Confronted with this evidence, Malaya’s mother said the child was not fine when she went to work, prosecutors said. She’d heard days earlier that Malaya had fallen down the steps; the child’s arm was tender and she was moping around. But the mother did not take Malaya to a doctor because she was afraid the Department of Social Services would take her children.

The felony child abuse charges to which Turner pleaded guilty stem from the two falls — one when Malaya, playing unattended, fell down a flight of stairs and broke her collarbone, and one when she fell out of a high chair while not properly secured and broke several ribs.

Jennifer Hyatt, lead investigator in the case from the Kannapolis Police Department, told the judge the entire department carried the burden of seeking justice for Malaya. “She couldn’t tell us the story of what happened,” Hyatt said.

She said the district attorney’s office went above and beyond in the case. At the judge’s questioning, Hyatt said she believes the plea arrangement with Turner was appropriate.

In all, five Kannapolis officers attended the hearing. Chief Woody Chavis said they had put thousands of hours into the case, which he said was one of the worst child abuse cases he had seen.

As for justice for Malaya, Chavis said, “We’ll take what we can get.”

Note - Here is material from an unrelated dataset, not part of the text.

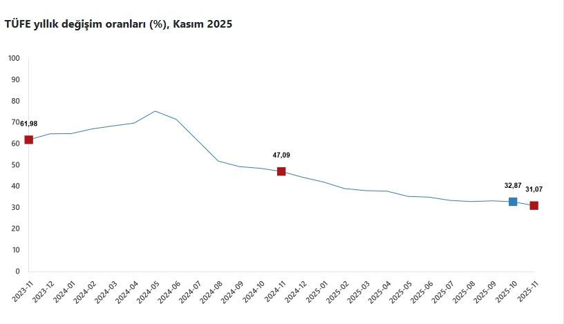 Türkiye İstatistik Kurumu'nun açıkladığı rakamlara göre TÜFE'deki değişim 2025 yılı Kasım ayında bir önceki aya göre yüzde 0,87 artış, bir önceki yılın Aralık ayına göre yüzde 29,74 artış, bir önceki yılın aynı ayına göre yüzde 31,07 artış ve on iki aylık ortalamalara göre yüzde 35,91 artış olarak gerçekleşti.
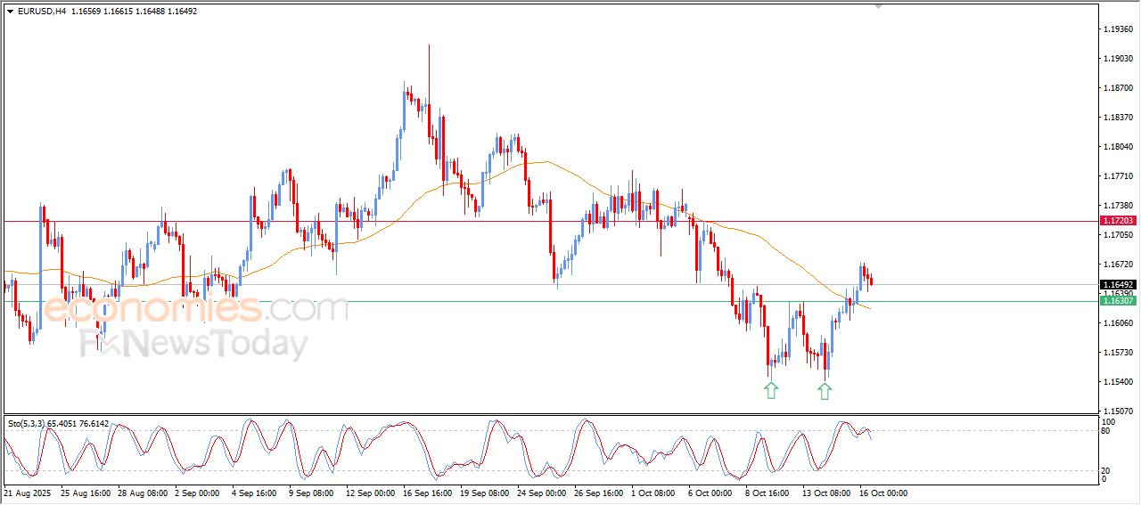 The price of (EURUSD) declined in its last intraday trading, to gather its previous rises and attempt to gain bullish momentum that might help it to recover and rise again, besides offloading its overbought conditions on the relative strength indicators, especially with the emergence of the negative signals, amid the continuation of the dynamic support due to its trading above EMA50, affected by bullish technical formation on the short-term basis (the double bottom pattern).

Malaya’s father, Jamie Heun, told the court a day doesn’t go by that he doesn’t think of Malaya’s smile and laughter. He can never hold her or kiss her good night again, he said — that was all taken away by the people he trusted to care for her.

“This is the worst feeling a father could have,” he said.

The judge said it is hard to imagine the pain Malaya had to go through. “This is a really sad situation,” Crosswhite said.

Turner, who was represented by Alec Carpenter of Greensboro, once smiled briefly at family members as they seated themselves in the courtroom, but he declined to make a statement during the hearing and showed no emotion.

Carlisle is out on $500,000 bond. The date of her trial has yet to be set.